That is why it is best to look for the American lumber stamps on the wood. Material gets removed from all 6 sides, just to be safe.

Crazy Roland


----------



## Kingfisher Apiaries (Jan 16, 2010)

If I were to make bottom boards out of pallets or even 1x4s from lowes would I need to rabbet the edges or would paint be sufficient?
Mike


----------



## tommyt (Aug 7, 2010)

Kingfisher Apiaries said:


> would I need to rabbet the edges or would paint be sufficient?
> Mike


 Walk to school or Carry your Lunch

Tommyt


----------



## rwurster (Oct 30, 2010)

My solid bottom boards are made out of plywood that has been painted and cut exactly to the size of my hives, no rabbets. I use top entrances. I would however make hive stands and bottom entrance style bottom boards out of pallet ribs if I used them.


----------



## zumbrovalleybees (Dec 8, 2010)

I have made 2500 deep frames from old pallets. Its alot of work but I saved the cost of the frames. About $2300 dollars. My end bars, bottom bars, and top bars are thicker and sturdier than any you will find from suppliers. I will have made enough equipment this winter for 50 hives by scavenging. Didn't cost me a dime. I could sit in front of a TV or spend my time on Beesource and not get anything done or I could work in the shop 2 hours a night.


----------



## Ian (Jan 16, 2003)

>>I could sit in front of a TV or spend my time on Beesource and not get anything done or I could work in the shop 2 hours a night. <<


hahahahahahaha I love it !
I completely agree,
its how we start from the bottom


----------



## zumbrovalleybees (Dec 8, 2010)

I don't break them down. Too much work. Cut the slats out with a chainsaw or circular saw. Burn the rest in your woodstove. Once you have the slats cut out, cut to length, rip for width, dado the ends( if making side bars for frames ). Alot of work and time consuming but my hives are made entirely by me. Theres alot of satisfaction to that not to mention the amount of money I have saved.


----------



## Kingfisher Apiaries (Jan 16, 2010)

tommyt said:


> Walk to school or Carry your Lunch
> 
> Tommyt


Just now got back to this thread....what i was getting at is this. Will the paint fill up the cracks between boards and therefore sealing them off or is rabbeting totally necessary to keep water out of the hives?


----------



## quevernick (Feb 22, 2011)

I've made bottom boards, hive bodies, and frames out of Pallet wood. The wood you get from Pallets varies widely. After getting apart I separate out each piece by width. Anything around 3/4 gets used for making hive bodies, around 5/8 gets used for Top pieces for frames, and anything smaller gets used for bottom boards.


----------



## psfred (Jul 16, 2011)

Top covers must be waterproof, else you will find your bees die from cold water showers or simply abandon the hive for better quarters. Bottom boards do not need to be completely watertight, but tongue and groove boards will keep more small critters out than cracks between the boards. Paint will not seal cracks as the wood expands and contracts with water content changes during the year.

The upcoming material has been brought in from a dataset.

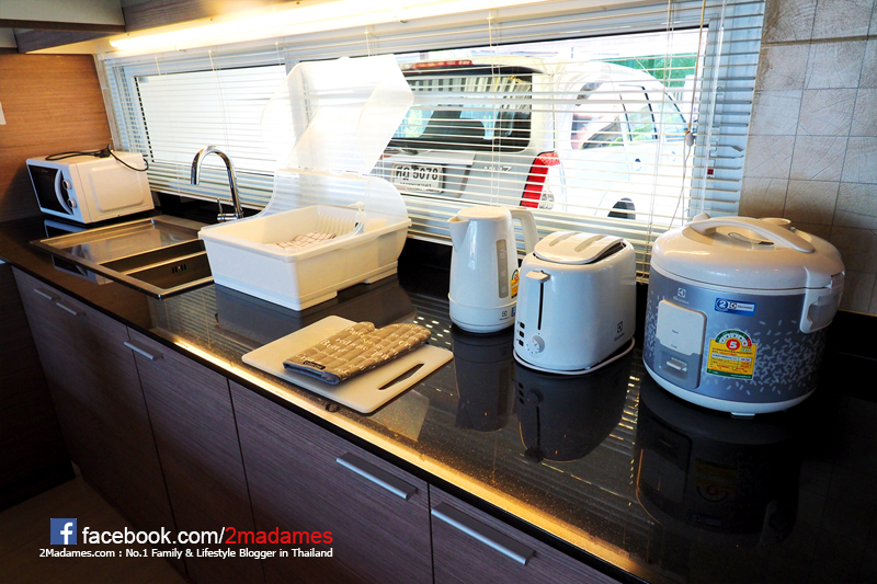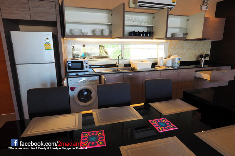นอกจากความดีงามเรื่องห้องนั่งเล่นกว้างๆแล้ว ในบ้านยังมีโต๊ะทานข้าว เครื่องซักผ้า ชุดครัวต่างๆทั้ง เตาไฟฟ้า, เตาไมโครเวฟ, หม้อหุงข้าว, กาต้มน้ำ, เครื่องปิ้งขนมปัง พร้อมทั้งจานชาม หม้อ กระทะ ครบชุด เรียกว่าเหมาะแก่การมาปาร์ตี้สุดๆ
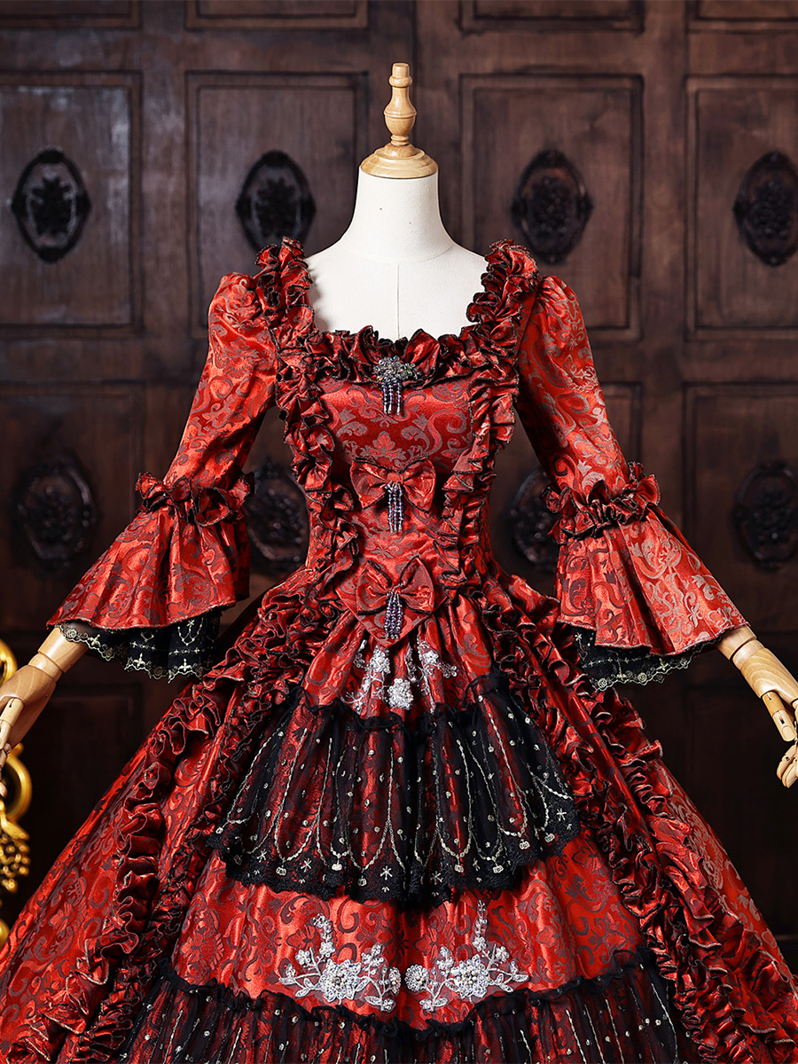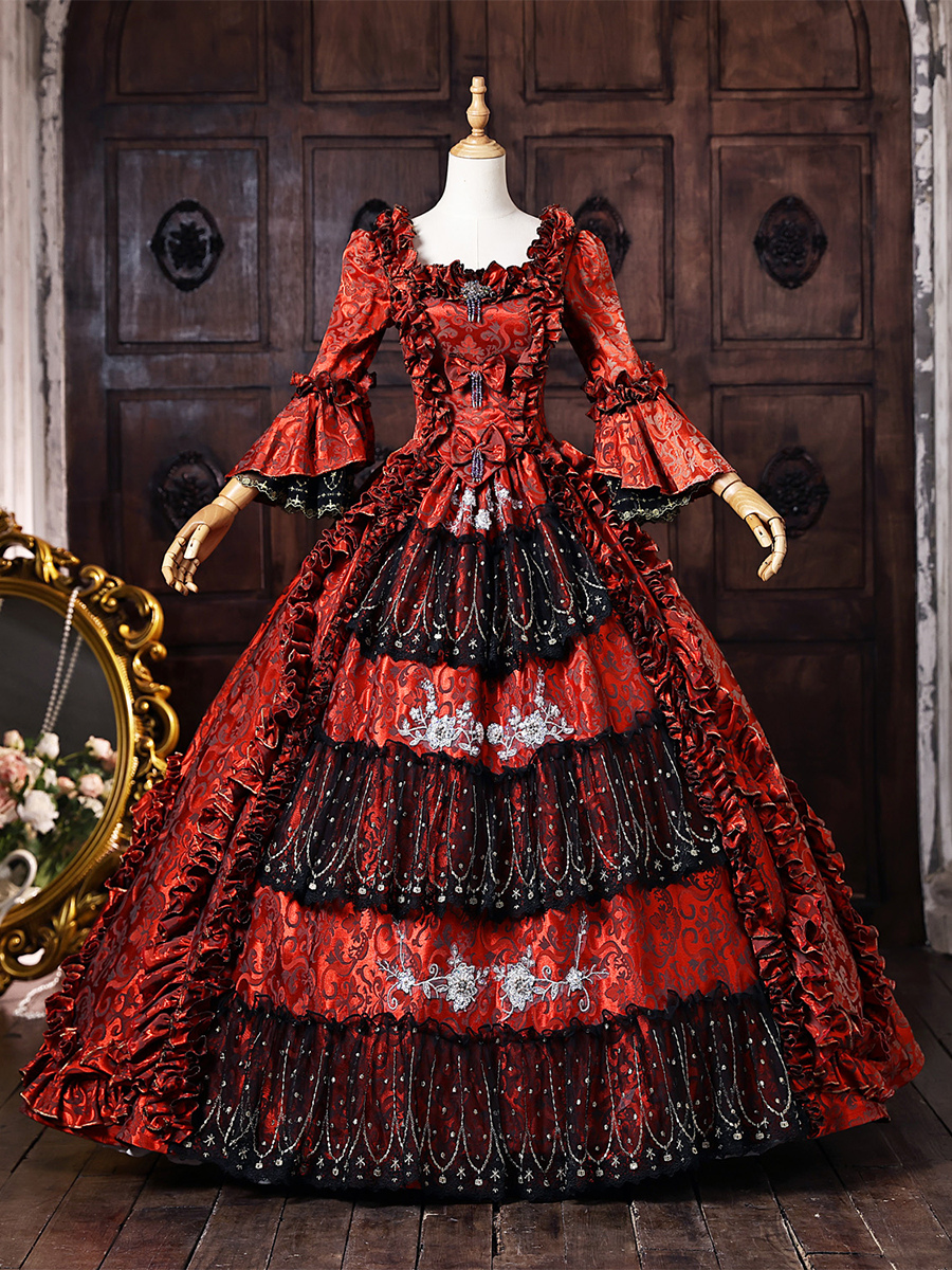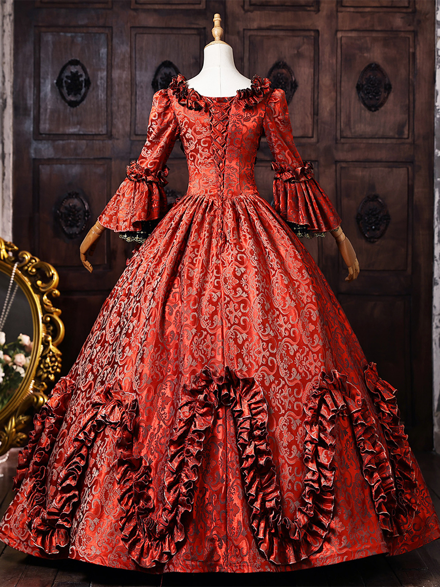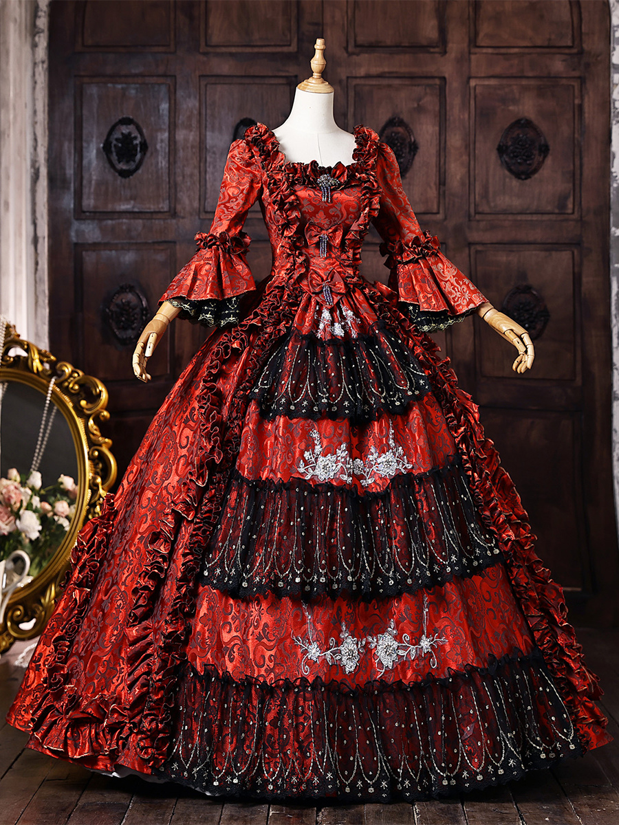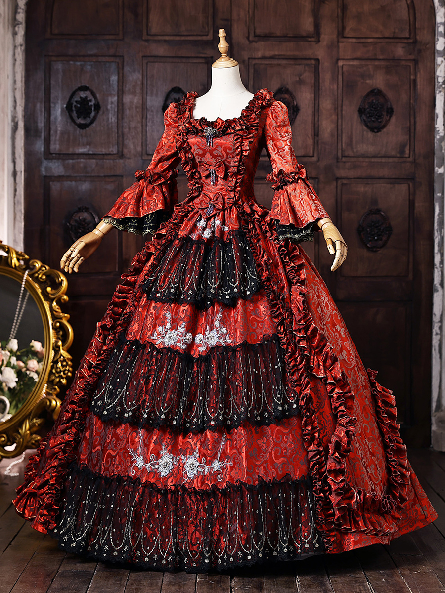 バーガンディ色のヴィクトリアン・ロココ調ドレス、フレア袖、刺繍入りボールガウン、歴史的なドレス

Pallets are not made of quality lumber most of the time, so you may only get firewood, but if the top and bottoms are decent wood with no cracks or splits they can be used for inner covers and things like that. The ribs are usually better, but too narrow for most beehive parts other than bottom board sides.

Peter


----------



## EastSideBuzz (Apr 12, 2009)

zumbrovalleybees said:


> I could sit in front of a TV or spend my time on Beesource and not get anything done or I could work in the shop 2 hours a night.


 Amen brother. I work in the shop 2 hours every day for my bee's and I mean every day and then most saturdays and sundays and some week days. Expansion is a lot of work.

I use Pallets for Pallets. Add a few cleats and I have locking 4 ways. I go to construction sites and take some 2x4 scrap etc. You only need 22 inches long anything so scrap works great. burn the rest= Heat.


----------



## Beregondo (Jun 21, 2011)

0


sqkcrk said:


> Start w/ junk, end up w/ junk. Isn't there something sows' ears and silk purses?


In general I'd agree with you, Mark.

I have used pallet slats for a lot of things in the past. If you are selective about what you use and what you cull it can be a good resource. 
It is true that you get what you pay for. If you don't pay for serviceable wood with money or trade, you will surely pay for it in time spent in selection and culling.

But if you are more rich in time then in money, it can be well worth the price!


----------



## w7rms (Jan 12, 2007)

Pallet wood tends to have lot of dirt and grit embbeded in it. It can be really hard on saw blades and especially planer knives.


----------



## quevernick (Feb 22, 2011)

Pallet wood definately takes more time. First you have to break apart the pallets either with a saw or crow bar and hammer. Then you have to sort through the wood you've gotten and then you almost inevitably have to work around flaws in the wood. Regular Lumber is infinitely easier to work with however if you have no money to buy lumber with Pallet wood is a viable option. If it wasn't for Pallet wood and scrap lumber I would maybe have 2 hives at most. Whereas now I have about 8 hives waiting for bees and probably enough wood for another 8 hives or so. I do have a lot of time to spend on scrounging together hives though. If I did have a reliable source of income I would spend it on good lumber


----------